Please print nothing but the lines from the one with "Děti se měly" to the last line of the records below, and omit pictures.

[Opening Records provided section]

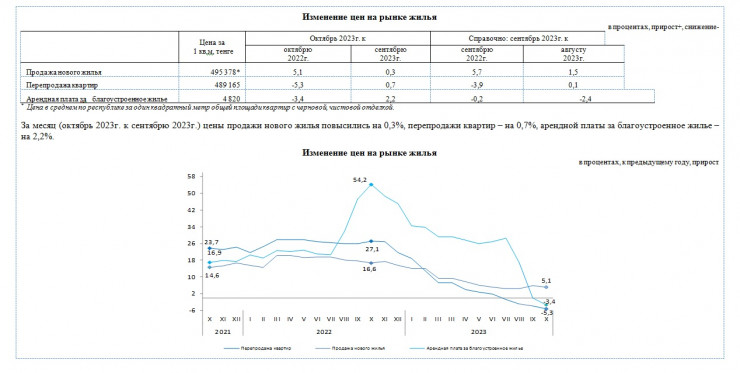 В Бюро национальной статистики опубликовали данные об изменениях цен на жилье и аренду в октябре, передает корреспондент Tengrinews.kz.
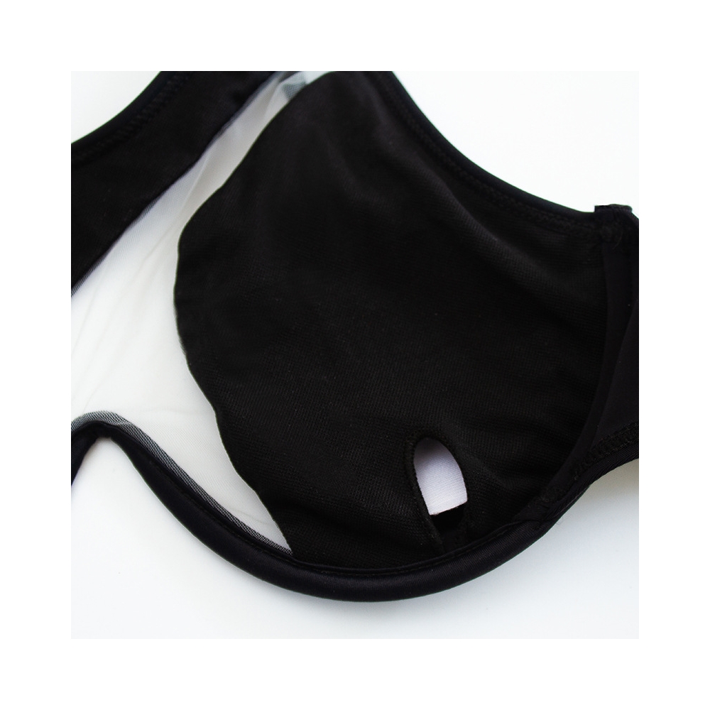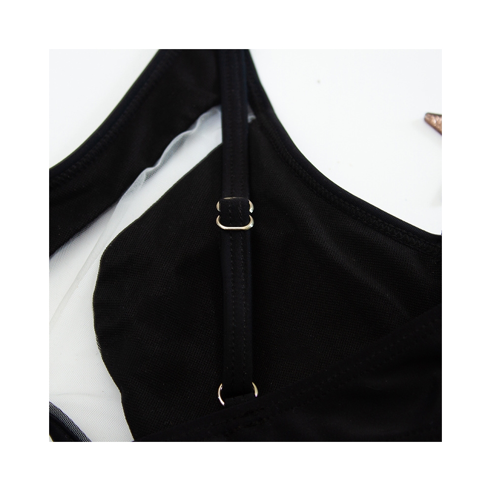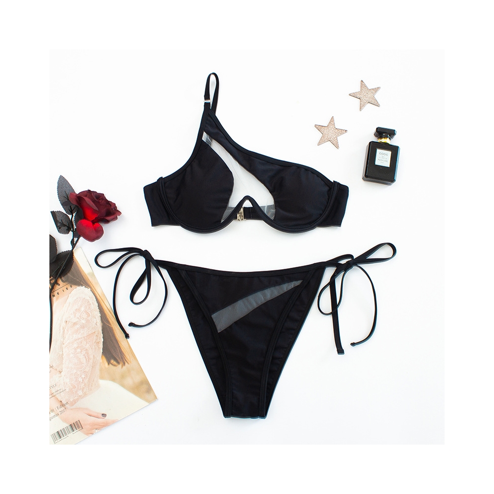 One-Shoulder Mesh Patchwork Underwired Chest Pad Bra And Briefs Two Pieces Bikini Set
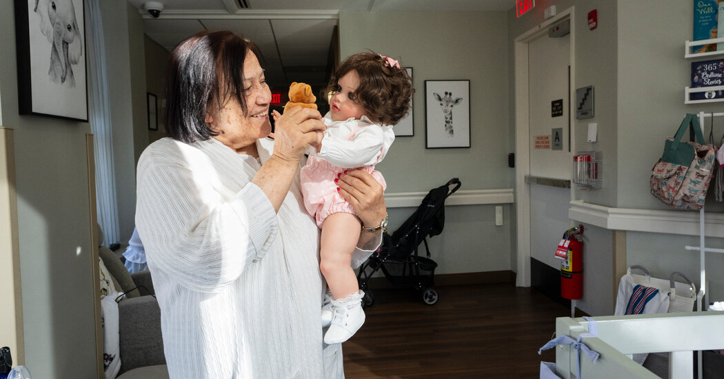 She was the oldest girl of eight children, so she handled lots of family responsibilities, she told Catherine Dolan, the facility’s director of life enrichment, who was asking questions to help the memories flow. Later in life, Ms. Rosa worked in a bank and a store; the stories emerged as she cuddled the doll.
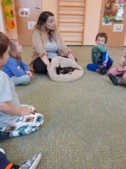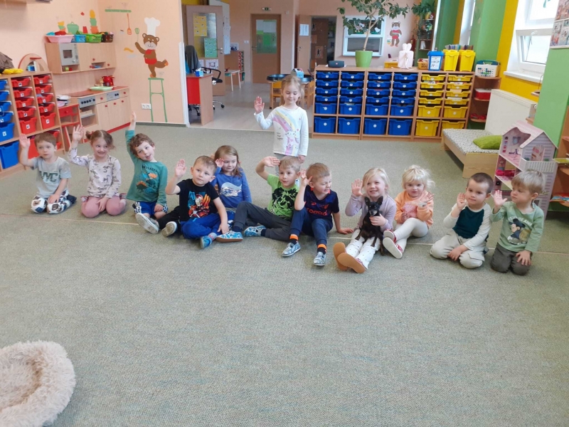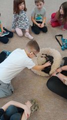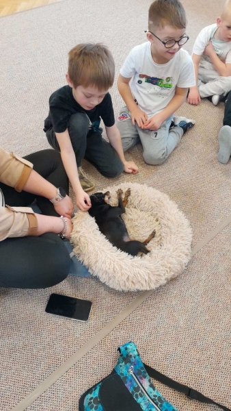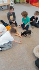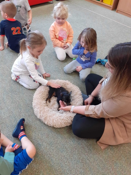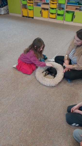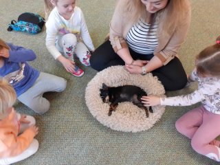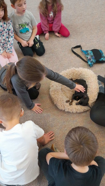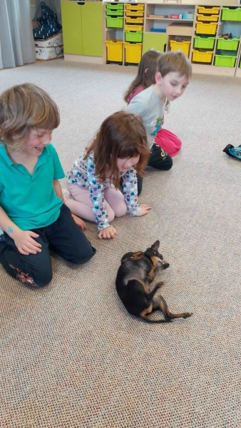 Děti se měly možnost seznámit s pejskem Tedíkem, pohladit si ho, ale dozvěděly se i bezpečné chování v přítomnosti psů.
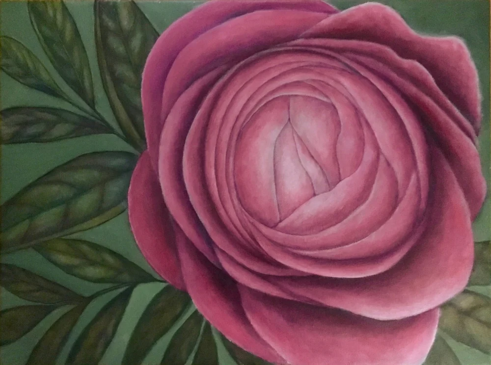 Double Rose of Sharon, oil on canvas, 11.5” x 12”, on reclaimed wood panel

[Closing Records provided section]

=== Expected output ===
 Děti se měly možnost seznámit s pejskem Tedíkem, pohladit si ho, ale dozvěděly se i bezpečné chování v přítomnosti psů.
 Double Rose of Sharon, oil on canvas, 11.5” x 12”, on reclaimed wood panel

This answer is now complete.